Merci, Mercy Embraces Dysfunction Habits on Debut EP ‘No Thank You, No Thanks’

Photo Credit: She Is Aphrodite

“I hate myself so much that I cannot be loved,” Australia-based pop singer-songwriter and ukuleleist Mercedes Thorne — known by her stage name merci, mercy — sings on “Wonder What It Feels Like,” the fifth track off her debut EP, No Thank You, No Thanks. The rest of the collection is similarly raw and honest, delving into broken friendships, escapist drinking, and other experiences most people can relate to but may not openly speak about.

The 19-year-old considers the EP a snapshot of her life over the past year, both the ups and the downs, covering the challenges she’s faced in her relationship with herself and with others. Her voice contains hints of Sia, while her sassy, sarcastic lyrical style is more like Lily Allen.

The collection’s biggest standout is its catchy choruses, which contrast with the trying experiences depicted in the lyrics. In the endearing “Something You Like,” for instance, she sings against surprisingly soothing keyboard and ukulele about a tortured relationship: “I wake up, we break up/without any makeup/I push you out the door/and I’m crying on the floor/I want you, you with me/but it’s not that easy/I can’t change the way that you see me.”

“‘Something You Like’ is my favorite because it feels empowering while being very vulnerable,” says Thorne. “Sometimes, you are the only one who can help yourself, and the loved ones in your life need to realize that instead of on-looking and judging you without knowing. They’re your decisions; you’ll learn from them, good or bad.”

Thorne has a knack for rendering weighty issues in bold technicolor strokes—she does so quite literally in the video for “Fall Apart,” which reflects on a relationship that appears doomed from the beginning. As she doodles in her room, funny, comic book-style speech bubbles bring her ruminations to life. Bianca Bosso & The Interns, the illustrators behind the video, have also created lyric videos for merci, mercy featuring the same silly but poignant cartoons.

In addition to her interpersonal relationships, Thorne’s relationship with alcohol is a prominent theme on the album, also encompassing both the good and the bad. “Tequila and Lemonade,” for instance, is about going out and partying to avoid other people’s drama. “I’ll be dancing and celebrating/with tequila and lemonade/got no time to be throwing shade,” she belts. In “Fucked Myself Up,” which she wrote on her ukulele in her bedroom, she sings about getting intoxicated to mask loneliness with cutting lyrics like “too much is never enough.” 

These songs were inspired by the artist’s struggles with social anxiety. “[Alcohol] gave me the confidence to talk to people,” she says. “I was getting messed up on purpose in order to allow myself to be around people I didn’t know.”

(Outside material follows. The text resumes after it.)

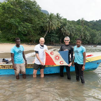 Collaborating with of two local NGOs, Marapa and Fundacao Principe, Hughes and his teams identifies and tags whale sharks to track their migration. A consortium with the Cape Verde Islands and Gabon has been created to enhance their influence in discussions with international bodies. They are supported by the Blue Marine Foundation (UK), Fondation de la Mer (France), and Fondation du Vent des Globes (France), as well as Shark Project (Switzerland).

The final track, appropriately titled “The Very Very End,” embodies the combination of cute and depressing that characterizes merci, mercy’s music, with a happy-go-lucky melody and sardonic lines like “you got me thinking that I probably should not exist/so I’ll take my snacks and just go home to self-loathe on my own.” The track contains the title of the EP, playing on the expression “thanks but no thanks” to sassily denounce a friend who acts more like an enemy.

She collaborated with multiple producers on the EP, including Dave Hammer, Chris Collins, and Kon Kersting. She also worked with a number of songwriters; Edwin White (Vance Joy) and Joel Quartermain (G Flip, Meg Mac) co-wrote “Fall Apart,” “Fucked Myself Up,” and “Tequila and Lemonade” with her.

“Working with various producers in studios around the country was a life-changing experience,” she reflects. “It gave me the confidence I was missing.”

Thorne wrote her first song after experiencing heartbreak at age 16, then continued to work on music after school instead of doing her homework. Eventually, she uploaded a song to Triple J Unearthed, an Australian site for discovering new music, which landed her an international label deal and management. Now that she’s releasing her debut, she’s rehearsing for her first post-quarantine live shows – the first of which took place earlier this week, at the sold-out Oxford Art Factory in Sydney, Australia. She’ll livestream the next one on October 23.

All in all, her music serves to reassure and comfort anyone who feels ashamed or alone in the dysfunction of their life, and that was Thorne’s intention with it. “I hope the songs from my EP will help make fans of my music feel less alone,” she says. “Also, [I hope they see] that it’s okay to be open about your mental health. I wanted to be really honest with my lyrics.”